Saturday, December 27, 2014

Tomaž Šalamun poem

Tomaž Šalamun

Fish-Peacock

With juice in my muscles.
I’m not bad, I’m used to it and calm.
I’m dissolving my eyes.
I hear the sail fluttering.
The sun kisses the white linen
thirty times and settles
like a glowing club.
Who cares about refoli!
From the left and the right—the sea!
A quadruped first uses all
four of his legs, he runs over the earth.
The bush scratches, how it tamps down, now this, now
that, but what steps into silk,
a rift in the glue, still on the earth?
Is it still in triumph and juice when it takes off?

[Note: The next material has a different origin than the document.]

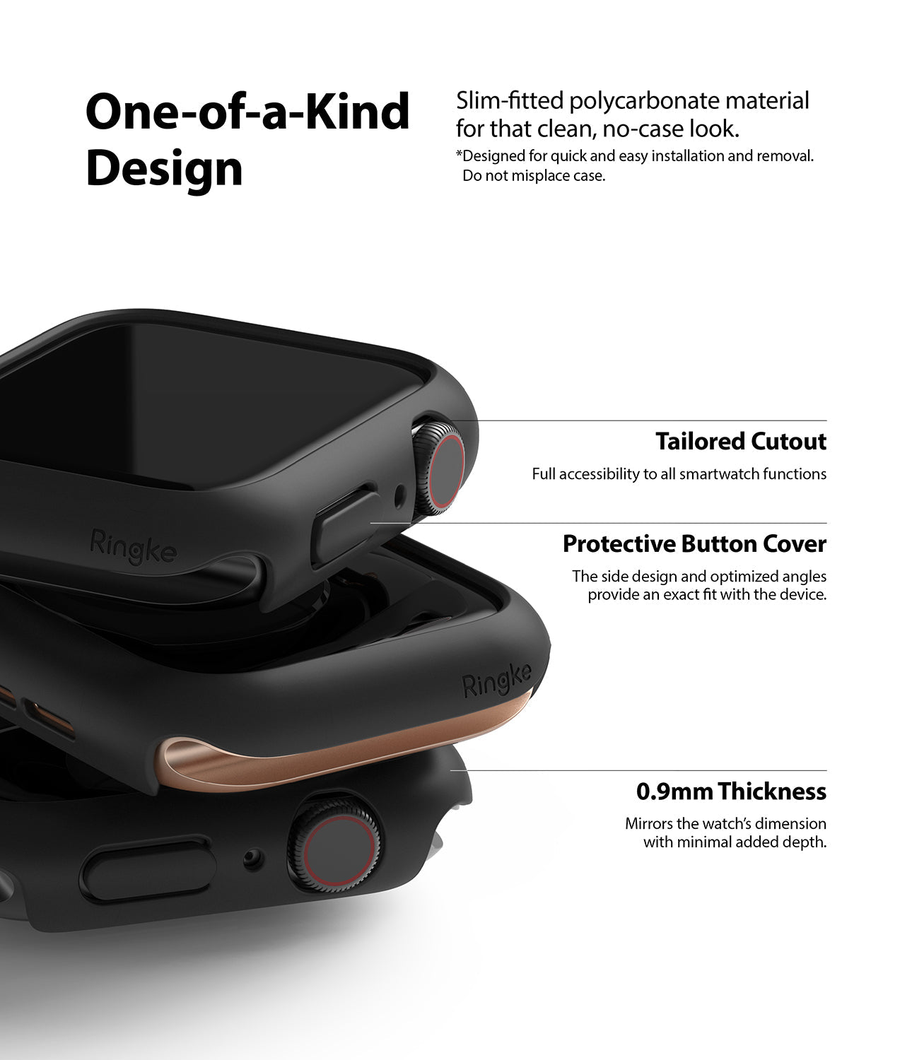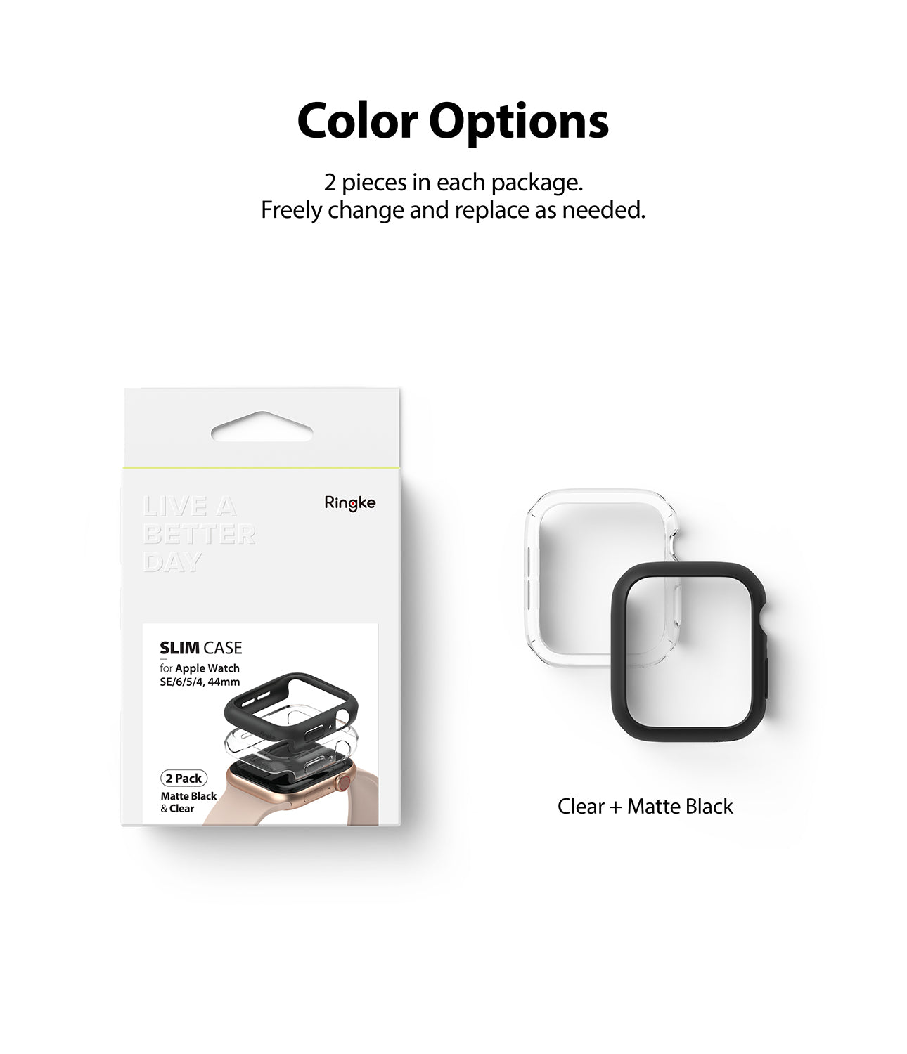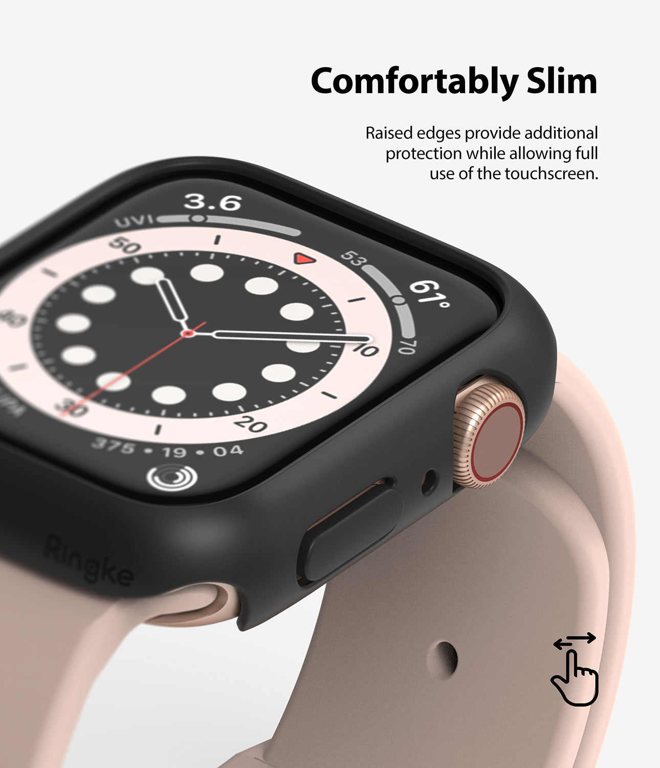 Hold din Apple Watch SE 3 44mm stilig og trygg uten at den føles klumpete med disse ultratynne dekslene fra Ringke! Ringke Slim Case legger knapt merke til klokkens tykkelse, kun 0,8 millimeter, så du kan beskytte smartklokken din uten at den blir stor og klumpete.

No one scratches you softly in heaven. You
can’t roll up your cloven foot,
no granite cube for your
head. Mouldering limbs have meaning.
The air is grayish bronze,
someone is burning linen tablecloths,
the calves are drunk and dazed.

You catch your lungs,
they roll over and uncover
a fresh cherry pie, someone
unwinds it before it was poured
into the piepan. Plants grow
into it and out,
the skin fits like the moon.

Do you remember my blue bathing suit
and the record for the hundred-meter freestyle?
How you stretched above the splits.
And your rested pulse,
a little like a twitching fish,
a little like a fish fanning itself.